O GEMİ BİR GÜN GELECEK!

--

Yaşamak için hiç bu kadar çabaladığımızı hatırlıyor muyuz ? Sevdiklerimize sarılmayı bile kendimizi bir adım geriden tutarak yapmaya çalışıyoruz. Öpücükler uzaktan atılıyor, her gün oturup saatlerce ne konuştuğumuzu bile asla hatırlamadıklarımızı toplu görüşmelere alıyoruz. Telefonları her kapattığımızda, hayatımızın istediğimiz bir alanına açılan kapılar sanki suratımıza çarpıyor. Evdekilere bakarken sızlayan içimiz, dışarıya birini göndermek zorunda kaldıysak harabeye dönüyor. Bütün gün yolunu kötü bir haber almamak için umutla beklediklerimiz… Hayat merdivenimizde bir şey eksik kalıyor belli ki. Abraham Maslow’un ‘Hiyerarşiler Kuram’ı bize neyin eksik kaldığını pek tabii söylebilir.

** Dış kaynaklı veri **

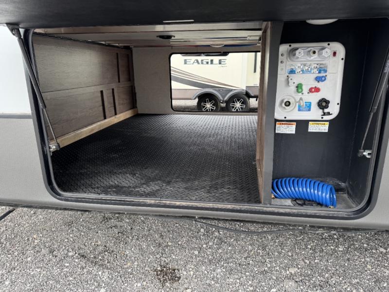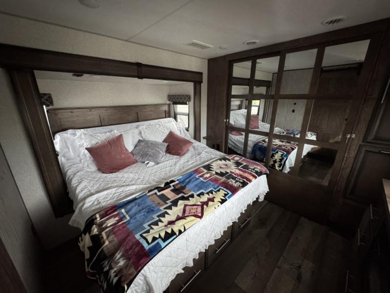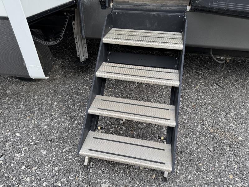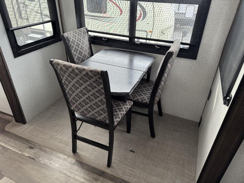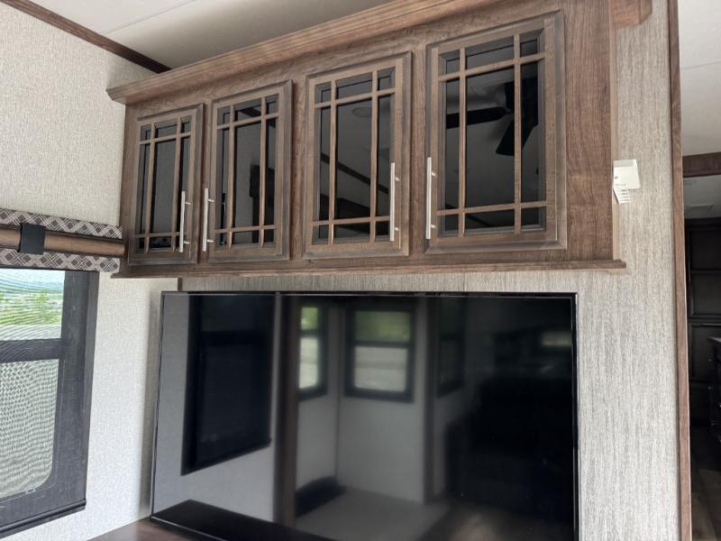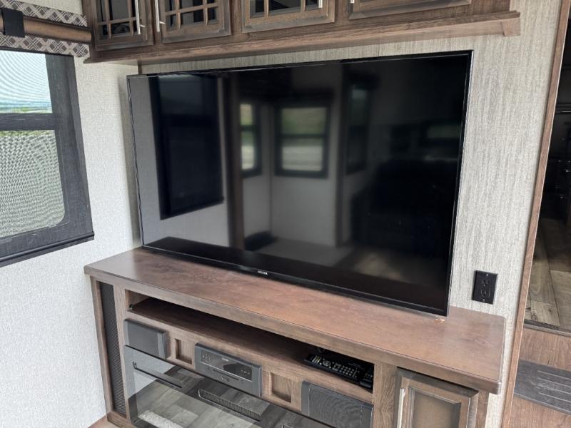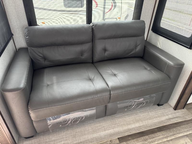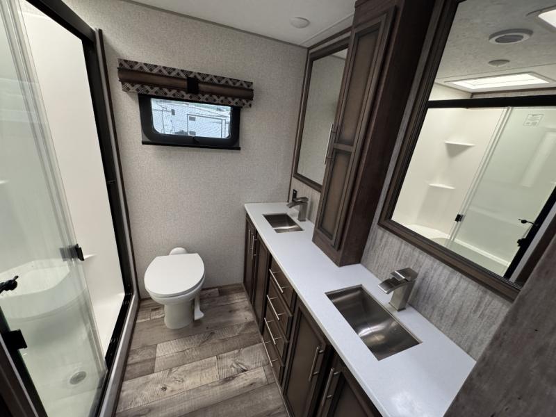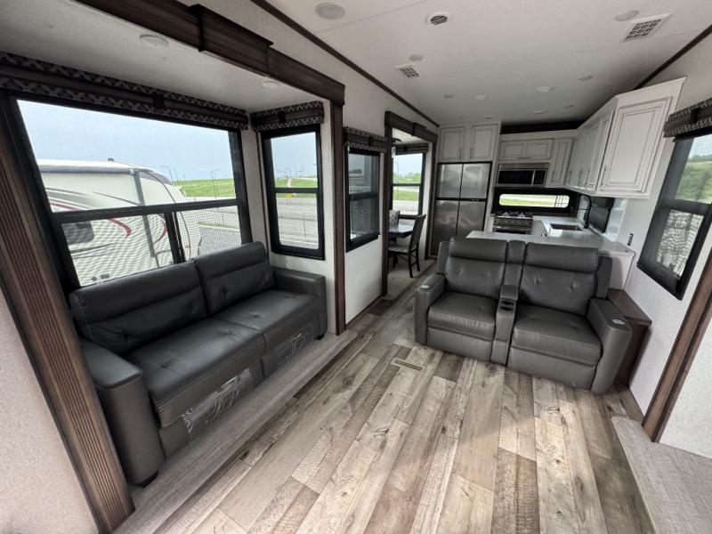 This is the perfect entertaining fifth wheel with a separate living area to watch the 65" LED TV with a 48" fireplace below while visiting with other RVers sitting on the dual opposing hide-a-bed sofas and theater seats. The cook will have lots of space in the rear kitchen to prepare and serve meals and snacks, plus plenty of storage in the pantry, the four door 18 cu. ft. refrigerator, and the overhead cabinets. The windows will allow for great views while cooking. Some friends might play games at the legless table with chairs or move the chairs to the living area for even more seating. When you are ready to call it a night, get cleaned up quickly in the dual sink vanity full bathroom and fall asleep on your own electric-tilt king bed or choose the queen bed option if you like. You can also add a washer/dryer option in the prepped space.

Bu kurama göre, motivasyonumuz dış faktörlerden çok kendi içimizdeki ihtiyaçlara dayanmaktadır. İçimizden gelen bu ihtiyaçları ise Maslow bir hiyerarşi içinde sınıflandırmıştır. Bu sınıflandırmaya göre bizlerin ihtiyaçları sınırsız kabul edilmiş ve bir basamakta tatmin düzeyine ulaştıktan sonra başka bir ihtiyaç ortaya çıkmış. Genel olarak bu ihtiyaçlar ; fizyolojik, güvenlik, sosyal, saygı ve kendini gerçekleştirmedir. En alttan üste doğru giden sıraladığım bu ihtiyaçları bir bir giderdiğimizde o ihtiyaca dair motivasyonumuz, davranışlarımız üzerindeki belirleyici etkisi kaybediyor.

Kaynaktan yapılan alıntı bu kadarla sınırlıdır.